What is expected: Write out again, exactly, the lines below starting at the one with "The first of" and ending at the one with "3. Взять полоску".

Input data:

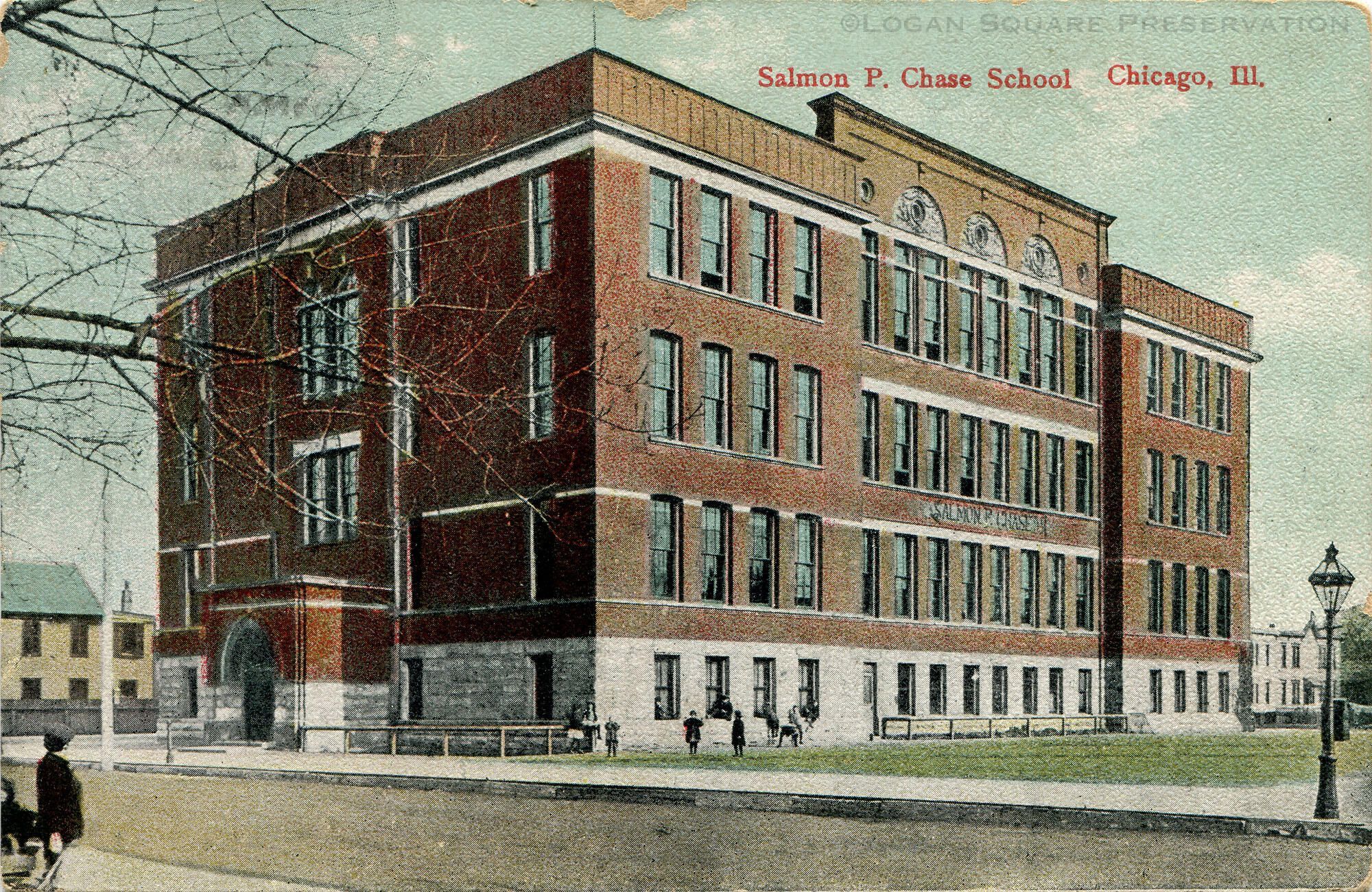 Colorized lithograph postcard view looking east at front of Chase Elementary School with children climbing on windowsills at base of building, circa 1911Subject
==
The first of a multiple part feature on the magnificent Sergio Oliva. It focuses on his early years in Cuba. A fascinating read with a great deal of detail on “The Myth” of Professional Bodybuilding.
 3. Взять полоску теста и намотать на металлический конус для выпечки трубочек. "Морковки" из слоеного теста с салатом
...
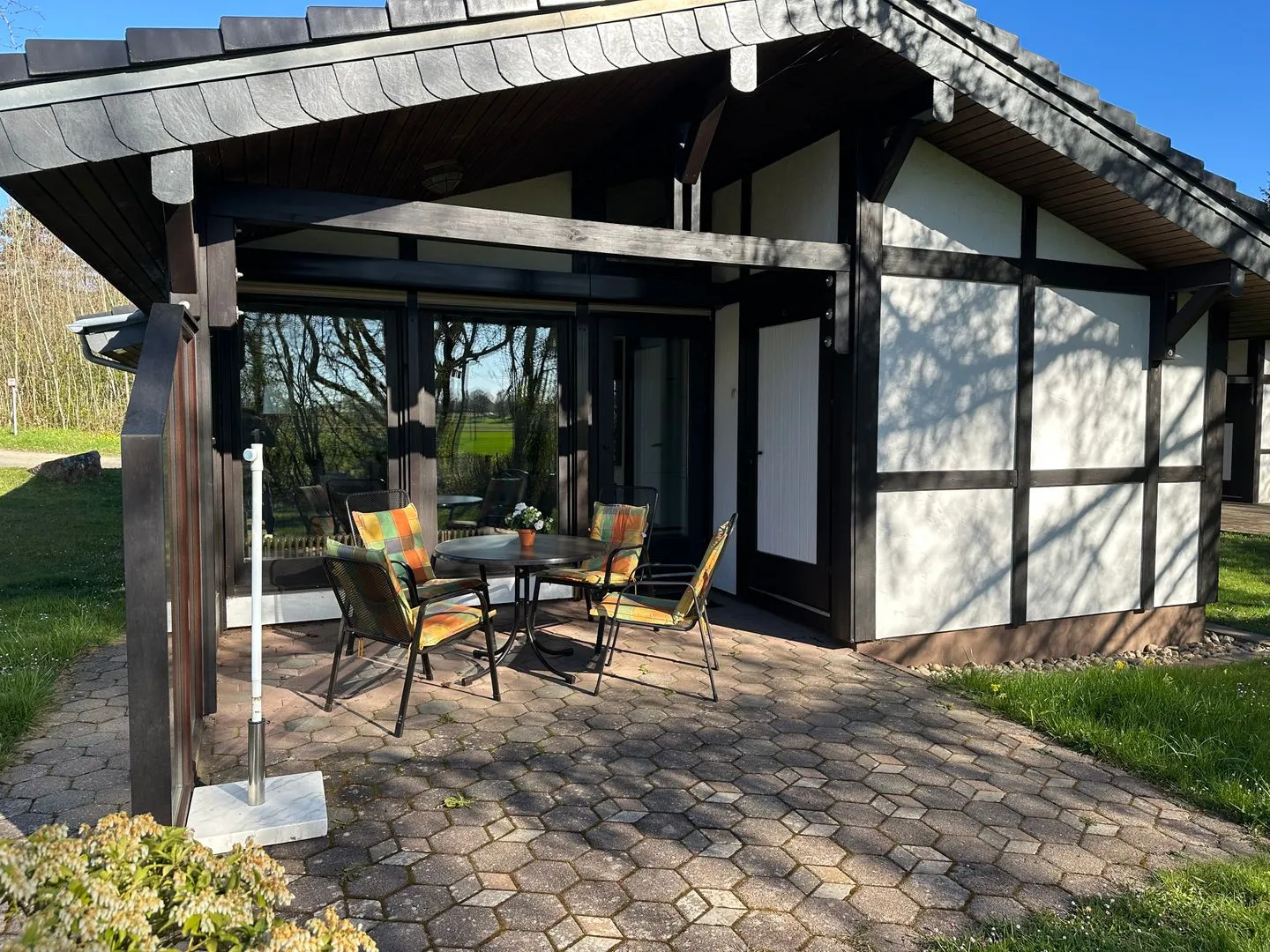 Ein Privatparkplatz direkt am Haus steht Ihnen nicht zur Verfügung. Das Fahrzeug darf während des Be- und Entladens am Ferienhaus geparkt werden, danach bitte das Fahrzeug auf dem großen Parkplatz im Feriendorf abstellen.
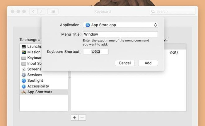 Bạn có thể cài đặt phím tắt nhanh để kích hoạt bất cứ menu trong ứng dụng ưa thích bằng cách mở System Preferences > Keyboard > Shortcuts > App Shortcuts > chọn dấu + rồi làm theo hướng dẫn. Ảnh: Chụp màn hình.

Answer box:
The first of a multiple part feature on the magnificent Sergio Oliva. It focuses on his early years in Cuba. A fascinating read with a great deal of detail on “The Myth” of Professional Bodybuilding.
 3. Взять полоску теста и намотать на металлический конус для выпечки трубочек. "Морковки" из слоеного теста с салатом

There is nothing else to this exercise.